“Verve: The 2015 Alumni Biennial Exhibition,” featuring work by Brandon Boan, Alexandra Giannell, Bradlee Hicks, Zipporah Camille Thompson, Antoine Williams and Ashley York, will be displayed through Friday, Sept. 25.
Brandon Boan’s work has been shown in galleries worldwide – Italy, Russia, Brazil and Sweden – and across the United States from Portland to Pittsburgh, where he currently lives and works. His multifaceted art explores objects, space, sound, light and technology and is often created in collaboration with others, drawing concepts and content from areas as diverse as music, architecture, poetry and computer science
After growing up Germany, Greece and New Jersey, Alexandra Giannell is living and working in South Carolina, having just completed her M.F.A. at Clemson University. Her paintings range from bold portraits that bear witness to Oskar Kokoschka (an Austrian artist, poet and playwright best known for his intense expressionistic portraits and landscapes) to intricate abstractions that contemplate ritual practice and religious faith.

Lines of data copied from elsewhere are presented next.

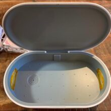 It was delivered in less than half the time and in perfect conditions. I love the design and the size is just perfect. Fits pretty much everything that I need clean: phone,toothbrushes, make up accessories, cutlery, my stainless steel straw, my baby’s pacifiers and bottle nipples. But it’s also compact and perfect for travelling too. Now I just use the uv-pod and it’s all clean in a few minutes. Overall I’m really happy with it.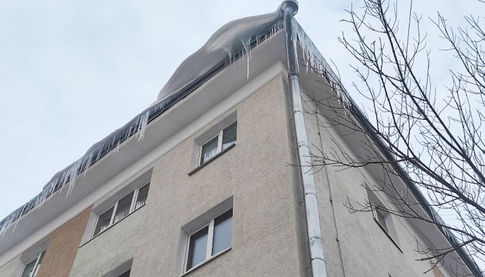 В Дзержинске дома зарастают снежным покровом, свисающим с крыши, и сосульками разной длины и конфигурации, находящимися там же. В самом лучшем случае наледь с МКД сбивают внутри дворов или только над подъездами, но и на улицах, причем центральных, они представляют большую опасность для прохожих.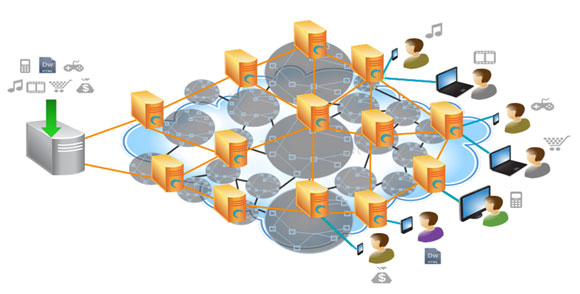 エンドユーザーとオリジンサイトの最適の経路を設定する。通常アクセスする経路だけでなく、コンテンツを早く流す最適な経路を設定可能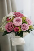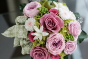 ピンクを基調にオールドローズや小菊、チューベローズを入れて華やかでエレガントに仕上げました。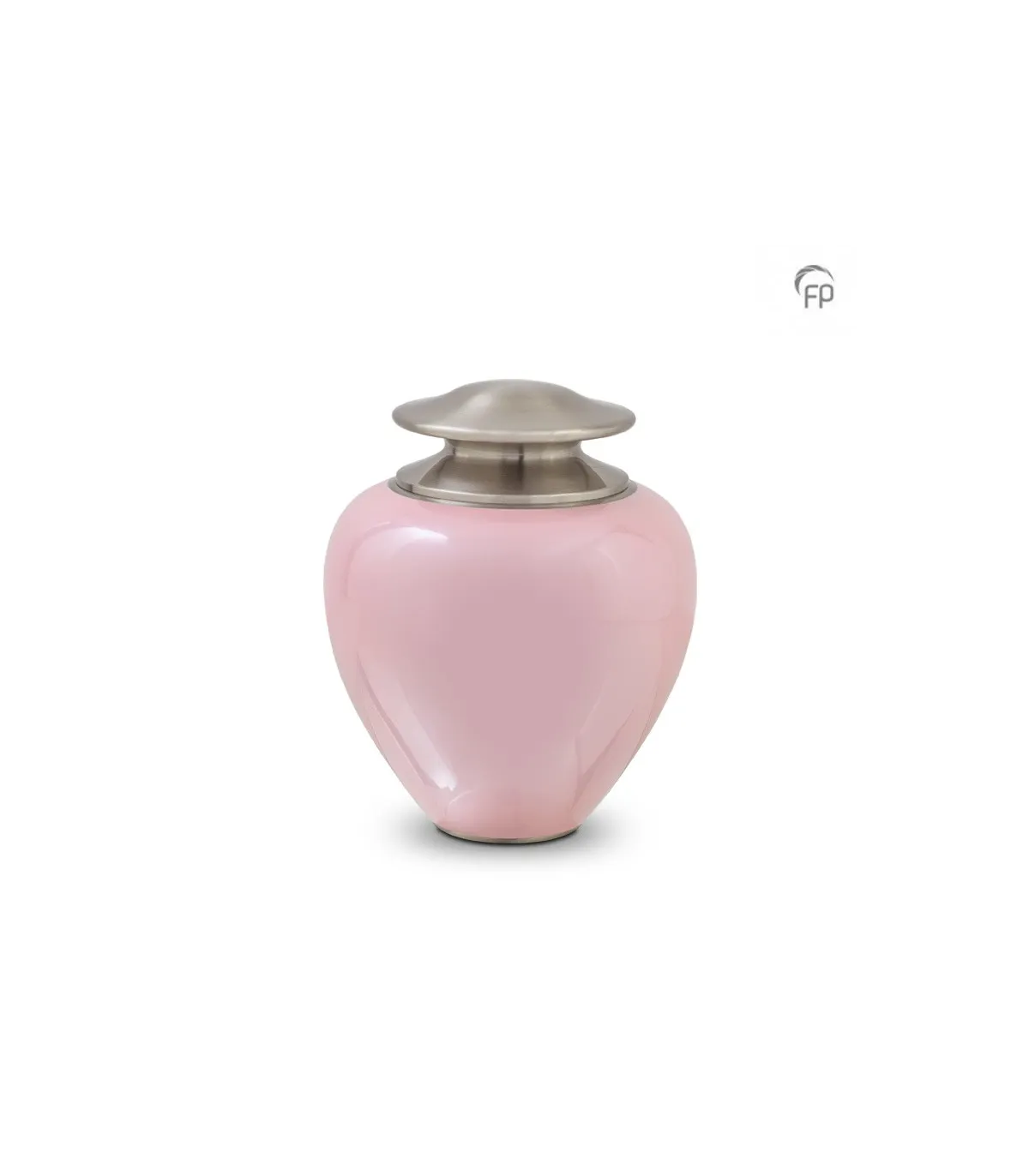 Deze grote metalen urn is geheel met de hand vervaardigd uit hoogwaardige materialen, zoals messing en aluminium. De urn heeft een stijlvolle uitstraling door de mooie zilverkleurige accenten en de roze parelmoer finishing.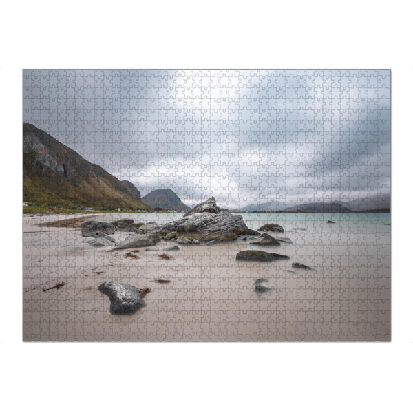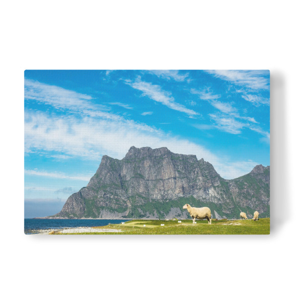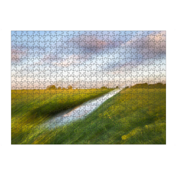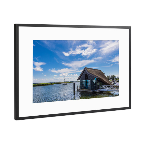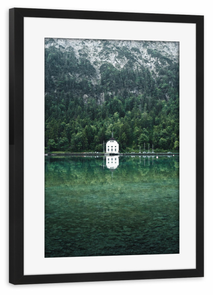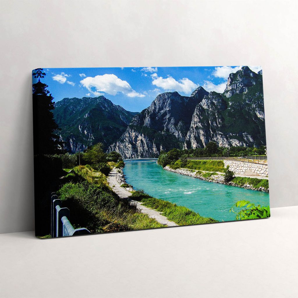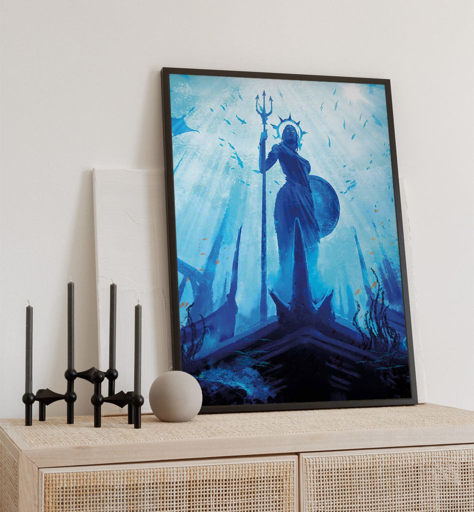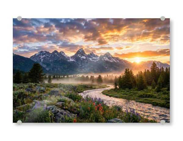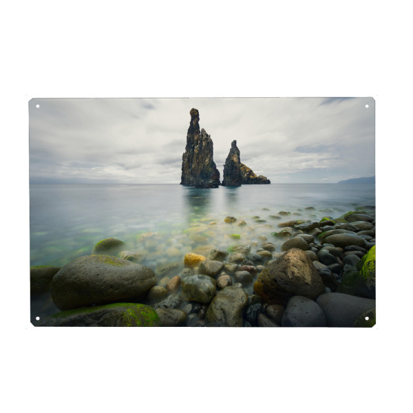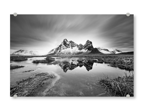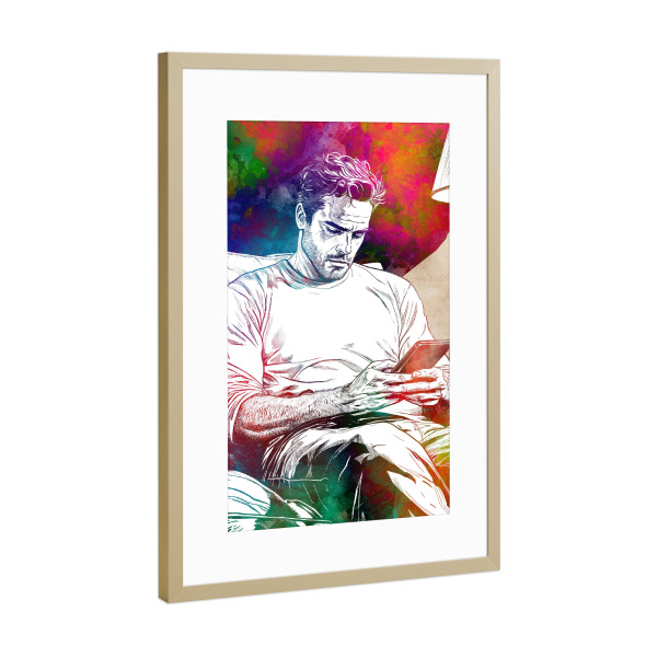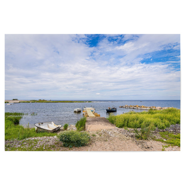 Spannbild ️ Fluid Art Lagune | Panorama | wandbild.com 120 x 40 / Rahmen vormontiert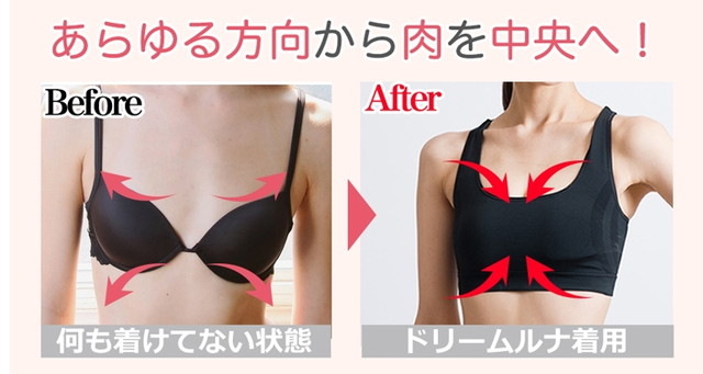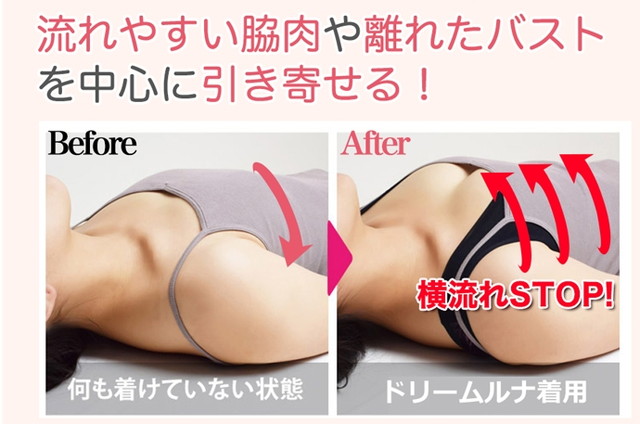 ドリームルナは、アンダーバストに施されている「着圧ライン」が横からも下からも、脂肪を中央に集めて丸みのあるふっくらしたバストを作り上げてくれます。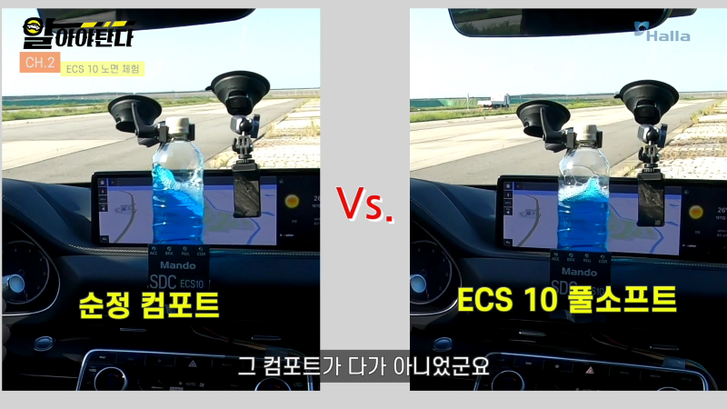 기존 차량의 전자제어 서스펜션과 어떻게 다른지 궁금하신 분들을 위한 비교 테스트도 함께 진행되었어요.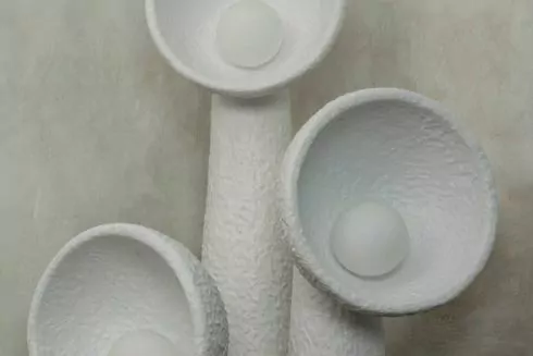 Все предметы созданы по технологии, напоминающей «валькування» - обмазку стен дома-мазанки. Они изготовлены из авторского материала Ztista, который состоит из: глины, бумаги, соломы и дерева.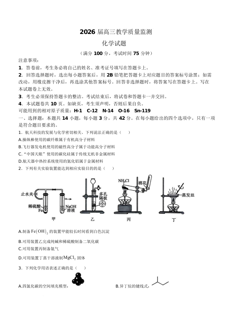 湖南省郴州市2026届高三下学期3月教学质量监测 化学.docx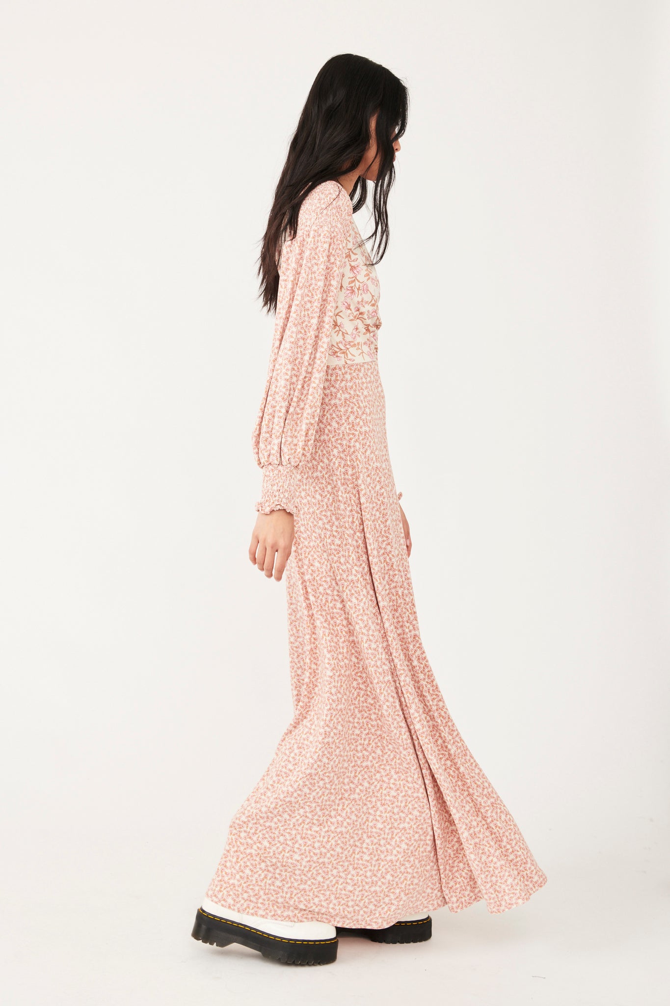 Romantic and forever-femme, this stunning maxi features a plunging V-neckline and balloon sleeves in a mixed-print design and A-line silhouette

After studying photography and ceramics at UNC Charlotte, Bradlee Hicks went on to complete an M.F.A. in sculpture at Yale. After working as a teacher and in graphic design, editing, directing and producing jobs in Colorado, New York and China, Hicks now works as a content strategist for Earth Fare in Asheville, N.C. His current work as an artist is in video, where he draws together his fine arts training with his experience in advertising and a passion for cinema in an effort to “both imitate and infiltrate mass cultural consumption at the source, acting as both mirror and filter.”
While completing an M.F.A. at the Lamar Dodd School of Art at the University of Georgia, Zipporah Camille Thompson displayed works in solo and group exhibitions throughout Georgia and was recently awarded the Rogers Fellowship for Textile Arts for study at the Hambidge Center, an artist community in Georgia. Her densely layered sculptures and installations incorporate fur, thread, hair, plastic, fabric, twigs and branches, bones and carefully crafted ceramic pieces into tactile “primordial landscapes.”
Throughout his career, Antoine Williams has cultivated his skills as both an artist and a teacher, exhibiting in numerous solo and group exhibitions and serving as an instructor in schools ranging from regional community colleges to UNC Chapel Hill, where he recently received his M.F.A. The realities of race and class in rural America inform his paintings, in which he builds fantastical imagery and complex mythologies, influenced by the imaginative realms of science fiction and larger-than-life narratives in hip-hop.
Ashley York’s latest ceramic sculptures reflect and intersection of nature and technology. On hiking trips through Colorado, she took photographs of the great outdoors, then brought the pictures back to Philadelphia, where she is in graduate school at Temple University. With the images and her experiences for inspiration, York created metaphorical landscapes by using the latest technological advances: laser cutting, CNC milling and ceramic sculpture built by a 3D clay printer that she constructed.